During the presidencies of the late Hugo Chávez and now Maduro, Venezuela has turned to Russia and China to make billionaire purchases of military equipment and technical services, including surveillance systems. The Russian Kalashnikov became Venezuela’s military rifle. The intense exchange between both countries throughout the years turned Venezuela into Russia’s largest military partner in the region, as noted by expert Evan Ellis

The purchase of military equipment is not merely a commercial operation. According to expert Ramón Cardozo, it is also an indication of military alliances and denotes the approach of military strategies and points of view with regard to national security and defense.

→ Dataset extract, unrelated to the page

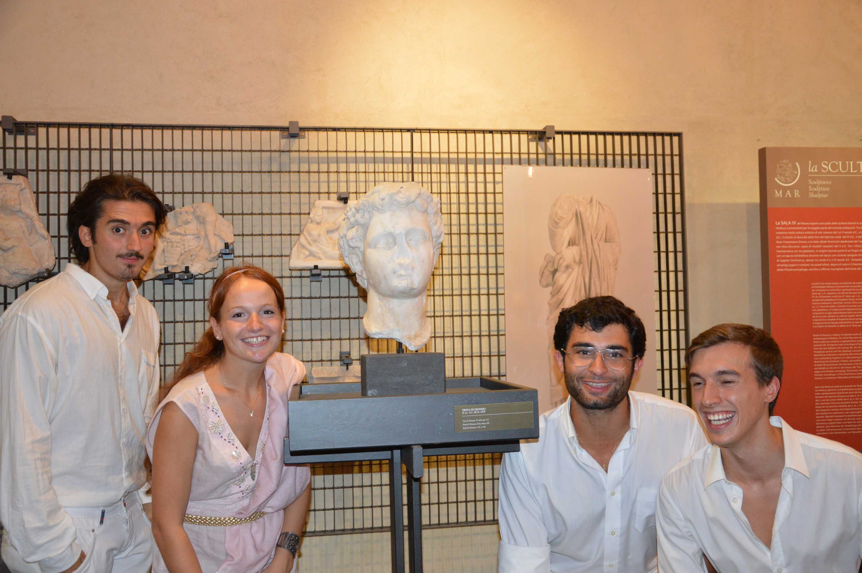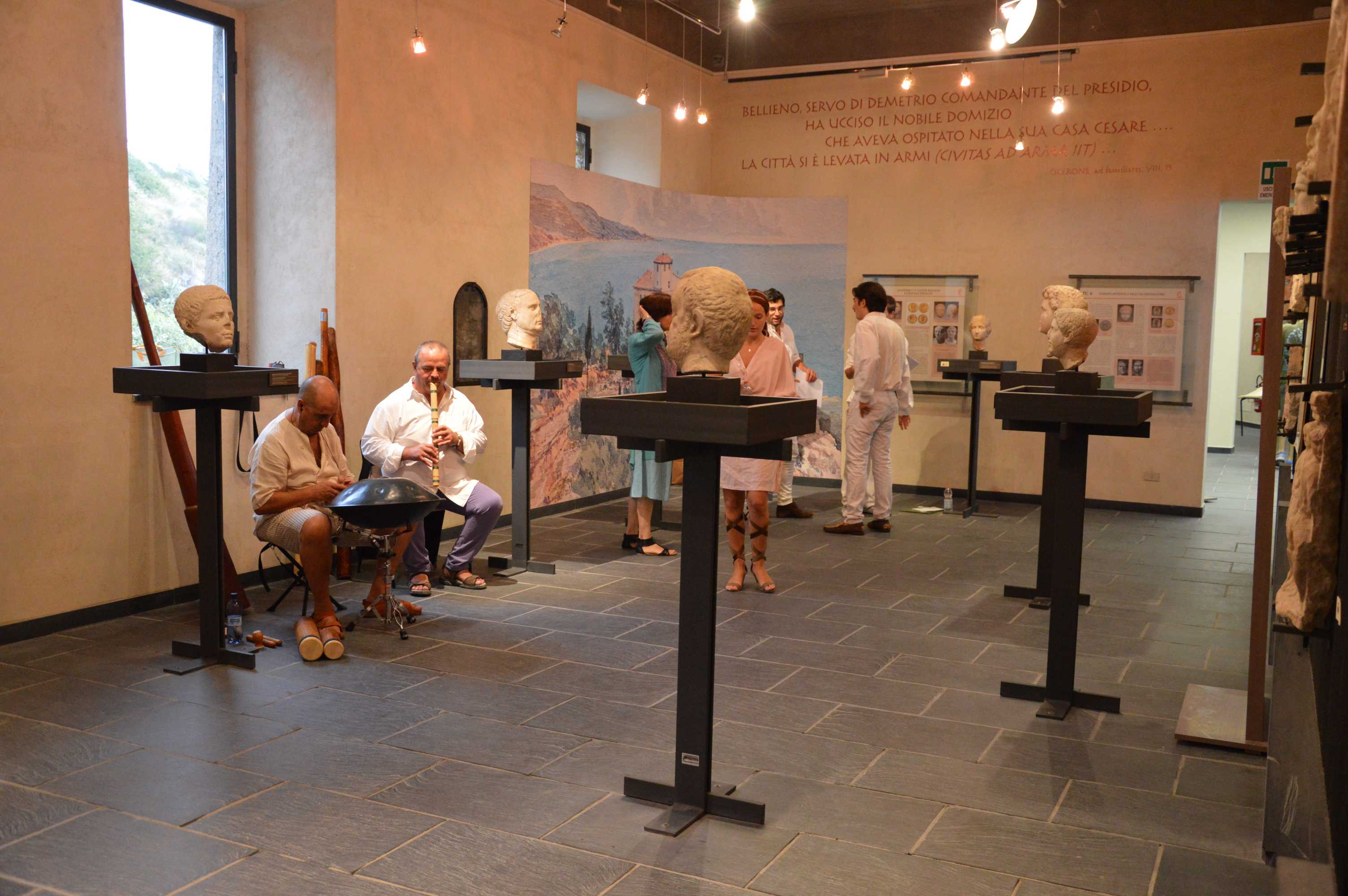 Assai apprezzato da un pubblico attento ed esigente il recital Echi d’Augusto, curato da Lilia De Apollonia, con interpreti la “Compagnia dei Giovani Universitari Intemeli” e la “Compagnia del Reading e Drama”di Ventimiglia, con brani tratti dall’Eneide, Ovidio, Orazio, Properzio, che si è svolto alle 18.00 nel lapidario del museo, con replica alle 19.00.

In the recent past, Russia has deployed military equipment and personnel to Venezuela whenever it has faced criticism from the West for its acts of aggression against its neighbors. Weeks before the invasion of Ukraine, Russian high-level officers suggested possible military deployments to Venezuela and Cuba if their “security concerns” regarding the status of Ukraine were not met by NATO.

Some experts and former members of the government suggest there may be a permanent presence of Russian troops in Venezuela; including mercenaries of the now disgraced Wagner Group, allegedly tasked with protecting President Maduro and Russia's interests in murky businesses in the country. The Venezuelan Constitution strictly forbids foreign military bases.

But the influence of Russia in Venezuela should not be measured just in terms of the acquisition of equipment and technical services. As revisionist countries with similar value systems, Russia and Venezuela are partners in protecting and stabilizing their own authoritarian rule.

Russia was instrumental in the international scheme set by Venezuela to circumvent sanctions and sell oil before it got hindered by sanctions. Russia also participates in the extraction of gold and other minerals in southern Venezuela, an activity plagued with complaints of human rights violations, endemic violence, and ecocide. By participating in these activities, Russia has helped the Venezuelan regime obtain income to sustain its authoritarian model.

That is why, during the protests against the war in Venezuela, the Venezuelans who carried the Venezuelan and Ukrainian flags are not just rejecting an unlawful war of aggression in a distant part of the world. The words of a well-known demonstrator, beloved by many, have resonated with many Venezuelans: “Ukraine, we also resist.”